Drei Tage lang waren wir damals in Jaen, und wir waren auch bei der großen Vormittagsprozession des Karfreitag, die gegen halb zwei Uhr nachmittags endete. Danach versammelten sich die Erschöpften in den Bars und labten sich mit Wein und Bier, mit Fleischspießchen, Gam-bas, und Landwurst und Schinken, um nach diesem Aperitif zum häuslichen Familientisch heimzukehren. Um drei Uhr war es völlig ausgestorben in den Straßen, nichts war zu hören; flirrende Hitze stieg vom Asphalt auf, eine Menge magerer Hunde streunte herum, nur unter unseren Schuhen schmatzte es bei jedem Schritt; das Wachs von Tausenden Kerzerf bedeckte den Boden.

Wir stiegen hinauf zur arabischen Burg. In der Stille lag Jaen fern, ungreifbar, unbegreiflich unter uns wie eine Einbildung.

Obschon im Laufe der Jahre die Eindrücke verschwimmen und verblassen, die Ergriffenheit und Verstörung angesichts der damaligen Ereignisse läßt sich nicht leugnen und bleibt — eigenartig — als Sehnsucht eines Paria in der Erinnerung haften.

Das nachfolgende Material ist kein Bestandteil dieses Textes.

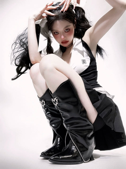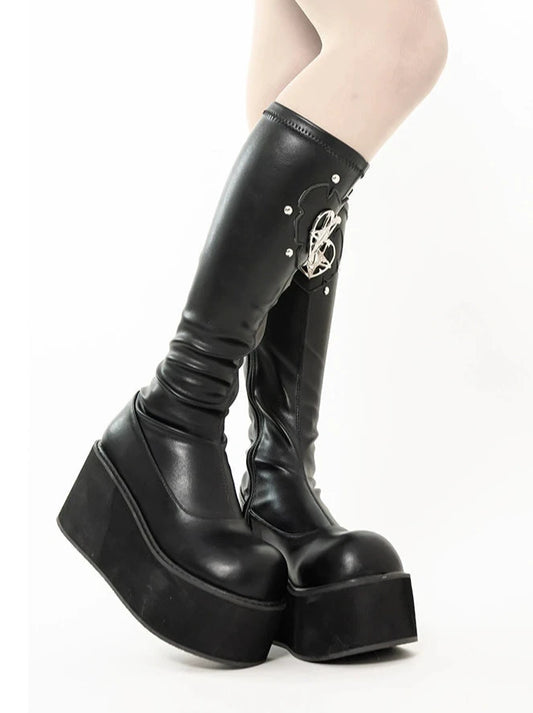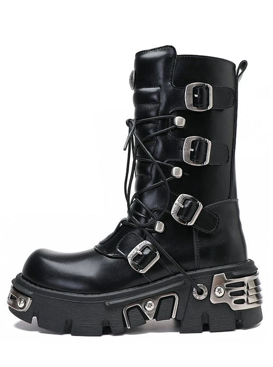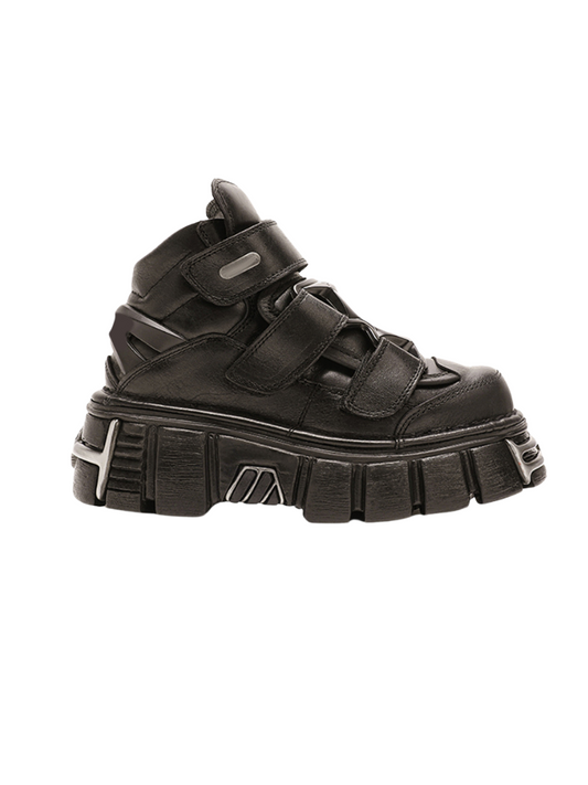 Dark punk platform metal high-top shoes [with plain chain nut].

Ein Bild jedoch hat sich mir eingeprägt. Ronda: ich stand in der Dämmerung auf der Brücke über der Schlucht, und aus den Gassen tönte Trommel- und Trompetenklang; die Schlucht war tiefviolett, der Himmel leuchtend gelb und rot, die Farben der spanischen Fahne; und um das Maß voll zu machen, erschien der Abendstern.

Der Autor war Lektor für Germanistik an der Universität Complutense in Madrid.